# 45 and thinking of egg donation



## holidaygirl08 (Sep 11, 2014)

Hi there,

I am new to this site and not sure how to begin.  Just wanting to share my situation and see if there is any support/advice out there.

I started my journey at 43 and have had two short natural pregnancies ending up in miscarriage after just a few weeks.  Done two IVF cycles at Create without success.  Now facing a choice - do I do one more with my own eggs or go straight for egg donation?  If I go egg donation, need to decide if I go abroad or in UK (most with CARE).  My partner has two kids from his previous relationship and has tried to be supportive but, I think egg donation is a massive step for him but, I he thinks with my own eggs is throwing money down the drain.  The whole thing is really stressful, and all I know is I think I will regret never trying.  Its all a bit of a roller coaster of emotions and the clock just ticks faster!

Would love to hear from anyone with this sort of experience 

Thanks


----------



## ByTheRiver (Jun 13, 2013)

Hi Holidaygirl08,

I'm also new and thank you for helping me to make my first post - I'm afraid I won't be much help, but I wanted to reply as I'm in practically the same situation as you! I'm 44, been trying for 3 years and had an early miscarriage soon after we started trying. We've now had 2 rounds of unsuccessful IVF and have been advised by the clinic to consider egg donation as it's much more likely to be successful.

Unlike you, my husband hasn't got children. He's more sorted with the idea of DE than me, but I'm not sure I've got the energy to try again with my eggs knowing the (un)likelihood of success and how much it costs. We can really only afford one more round of treatment and I guess it's time to face up to the fact that, much as I want to be the exception to the norm, it's very unlikely 

It feels like there are so many decisions to make now, it's way more stressful than deciding to go for IVF! I guess it's one decision at a time, and for me the first decision is to do with telling and whether we want to give a child the option to contact the donor later on. I guess this will help make the abroad or UK decision....

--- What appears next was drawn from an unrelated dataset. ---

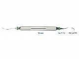 Пародонтологический инструмент имеет два зеленых автоклавируемых маркировочных кольца, благодаря которым можно определить область применения кюреты.
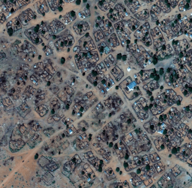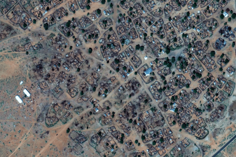 People gather on the outskirts of a village northwest of al-Fāshir, Sudan, October 30, 2025. (AFP/Vantor/Handout)

Hope it helps to know that you are not alone


----------



## bundles (Jul 16, 2011)

Hi ladies   I was in a very similar situation. At 46 I had had two natural early miscarriages at around seven weeks, later found to be due to Antiphospholipid Syndrome. My AMH was practically not detected so was told that DE was my only option   As becoming a mother was more important than my genes I went with it. Reading up on epigenetics also helped. I went to Spain & was very fortunate to be successful first time but had no frosties. Due to our age & not wanting our LO to be alone, I managed to persuade my OH to go again   My fresh cycle failed in January but I am currently expecting thanks to our single frostie. Go with your hearts, I know I'm glad I did  
xx


----------



## MyreiE (May 5, 2014)

Hi Ladies, 

I am 45 and was totally set on having DE with Serum in Greece, but after speaking with Penny at the clinic she is convinced that we should try another OE cycle given my history. DP was less settled about using DE, but as it turns out Penny thinks that his sperm quality may have been the issue with the recent failed ICSI and FET cycles. So she has him on a  sperm improving protocol and will do another TESE next month hopefully. Then we will decide how to proceed. I am ok with DD cycle too, sperm and egg, but I am not sure DP will go for that. This world of infertility is fun, huh?

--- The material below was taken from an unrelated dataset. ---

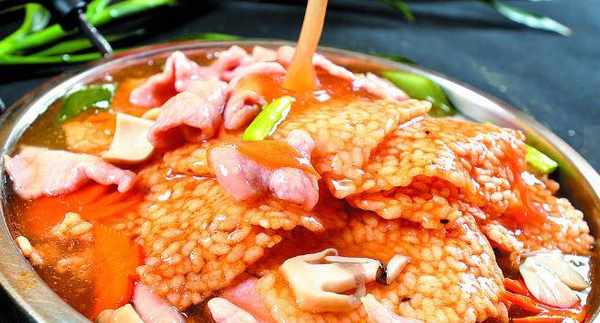 4、鍋巴和肉片一起上桌,趁熱淋在鍋巴上,就可以吃啦

I agree with bundles..go with your heart and do what you feel it best for you. It is the only way to sleep at night. and how inspiring bundles. Congrats on your success!

-M


----------



## Daisy38 (Oct 25, 2010)

Hi MyreiE,


My heart goes out to you as I was at a very similar fork in the road  , and felt very heart broken to face the DE route, however by that time I had several -vs, the heartbreak out  weighted the feeling of not coming home with a baby so hubby and I took the plunge.

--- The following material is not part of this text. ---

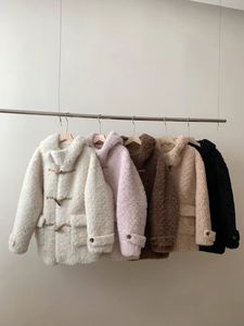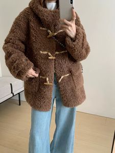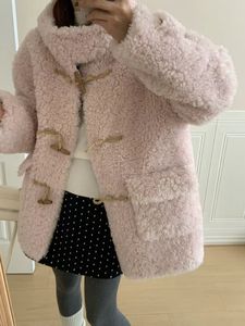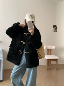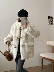 加厚牛角扣中长款仿羊羔毛开衫2025秋冬新款毛茸茸皮毛一体外套女
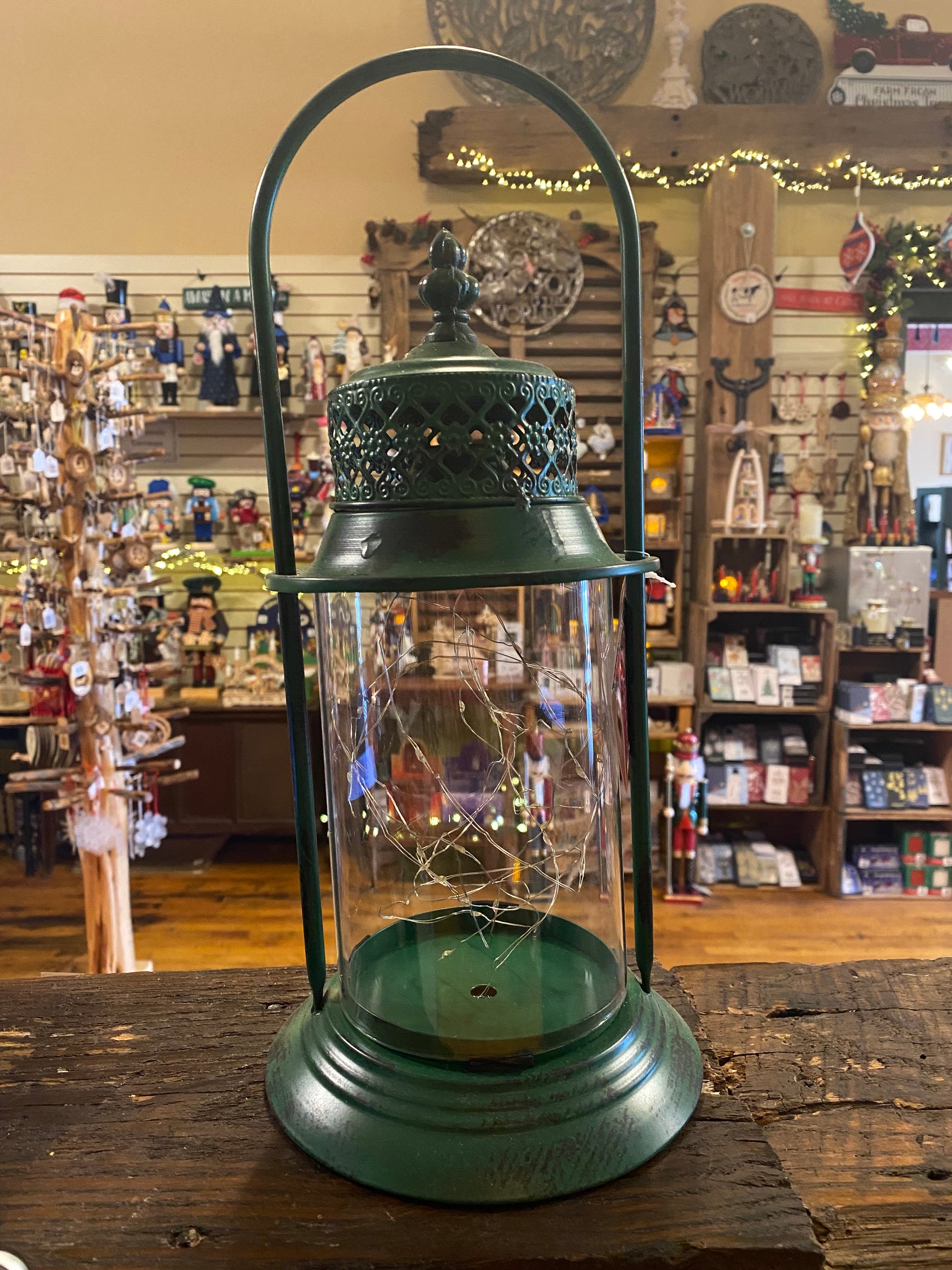 red/green metal lantern

I have never looked back as once I was pg, and baby born the love was there in abundance.  The perfect joy, and now, I wouldn't have it any other way.  

It really is a journey and it is difficult to describe the experience, but being pg, and having our baby was just so joyful that it eclipsed the fact we had to use donor conception.  I was able to see  the whole experience as a gift instead of losing something.....again this journey takes time.  I went to Reprofit and it worked first time, so my whole focus was on the pregnancy. 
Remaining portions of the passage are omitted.